Monday, September 10, 2007

Not Geek Squad Smarts

There is a new advertisement on the radio for something called "The Geek Squad," a hugely successful group of nerds and nebbishes across the country who read software and computer manuals, then have an uncanny knack of getting things to work (like wi-fi routers, high-def. TV's and surround-sound stereos). What power! What value!

Yet, this is NOT the power and influence discussed in Mr. Dilenscheider's book. The power here is moving men (and women) to perform at their highest levels, as inspired and led by your personal inspiration and style. This is long-term power, prestigious power, power that sustains and builds and organzation's core business.

In the ad, The Geek Squad promises to get things working again. “We’re on call to use our intellectual power, not to rule your electronic products, but to own them,” they claim, mysteriously. The implication being that when you know how things work, you “own it,” in a sense, in the long run. (Actually, it's the reverse, they own it in the short-term, while it works, and no longer.)

The power and influence under review in this book senses this sort of limited power generation, but bases it’s solutions on a foundation, the substance of technology itself (not how things work, but what can be done with the things when they’re working).
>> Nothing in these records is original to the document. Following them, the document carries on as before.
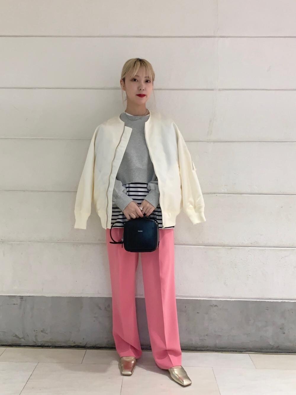 ・年齢:20代前半 ・身長:160cm ・普段サイズ:トップスS/ボトムスS 【サイズ感】 スウェット:身幅、袖ゆったり パンツ:ゆったり 【素材感】 スウェット:コットン100% パンツ:アセテート65% ポリエステル35% 【着心地】 スウェット:アームホールがゆったりめでレイヤードしやすいです。 パンツ:さらっとしていて楽に履いていただけます。 【コーディネートポイント】 鮮やかなピンクのパンツで春を意識したスタイリングです。程よいゆるさがありながらもルーズになりすぎないストレートシルエットなので様々なスタイリングに合わせていただけます。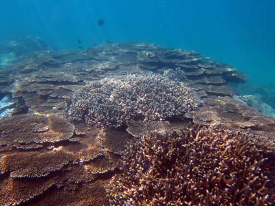 | 最後は中性浮力の練習もかねて サンゴの上へ〜〜♪ キラキラのサンゴの群生 キレイでしたね〜(*^。^*) 皆さんもどんどん上手になってきました! |
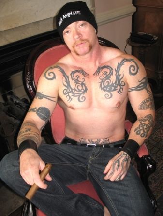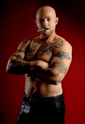 Here’s a challenge: Ask 10 different guys “What makes you a man?” After a lot of fumbling around for a response, you may get up to 10 different answers. But I guarantee that at least one guy will say, “I’m a man because… I have a penis!” Meet Buck Angel, who is an adult film star as well as a producer and director. He performs with both men and women, although his films with men have proven to be more popular. His movie “More Bang for Your Buck 2” was nominated for two Adult Video News 2009 Awards and a Gay Video News 2009 Award. He’s heavily tattooed, has a shaved head, and is buff enough to challenge any of the gym queens strutting down Eighth Avenue in Chelsea. Now, here’s the money shot: Buck Angel was born a woman– and still has a vagina. Buck Angel and his wife Elayne live happily in the Yucatan, Mexico, but Buck tours all over the world: performing live, promoting his truly renegade XXX movies, and challenging everyone’s notions of gender and sexual orientation. After months of playing e-mail tag with Buck, I finally caught up with the pioneer porn star while he was in New York City for Gay Pride. At his hotel, we discussed porn, safe sex, and how he doesn’t always see eye to eye with the trans male community: “I’m not a ‘transsexual man’. I’m a man. If you look at what the word means, it means ‘transitioning’, from A to B. It’s pretty basic, dude. I’m not transitioning anymore. I’m done. A lot of guys live their lives as ‘trans men’, which is a whole different mindset. I really don’t consider myself that. I am and I always will be a transsexual, but I live my life as a man.” Let’s just say that anyone who meets Buck Angel in person wouldn’t even question his manliness! The two of us don’t just talk about serious stuff, though. Mr. Angel tells me a few truly hilarious, behind-the-scenes stories about the porn biz– to which he adds, “My life sometimes feels like a cartoon!” Make that a cartoon for adults only!.

The theory, one supposes, is that you can pay a drone (or Geek) to get technology to work. What you can’t find is anyone who understands what it all MEANS once's it's going again. How will it save time, build a customer base, retain customers already buying your products, restrain competitor actions, build an empire.

One ominous note in the ad might be worth a thought: “We Geeks know that the Internet is JUST STARTING!” The implication: We ain’t seen nothing yet! Heaven help us, especially those who have not already fully embraced today's robust Internet search engines, downloads and interfaces.

Numerous references in the book hint at some of these emerging synergies (technologies, he calls them): Cellphones becoming recipients of text messages, taking pictures and organizing your schedules, playing your favorite songs, updating blogs, even, making phone calls, wireless, through the wi-fi connection on your computer (free - - don’t tell the phone company).

What does this single example mean in the workplace? WHO will grasp the emerging nature of the way it will break traditional molds of job functions in the workplace? The powerful and the influential, for starters, who may soon be the bosses driving these new methodologies!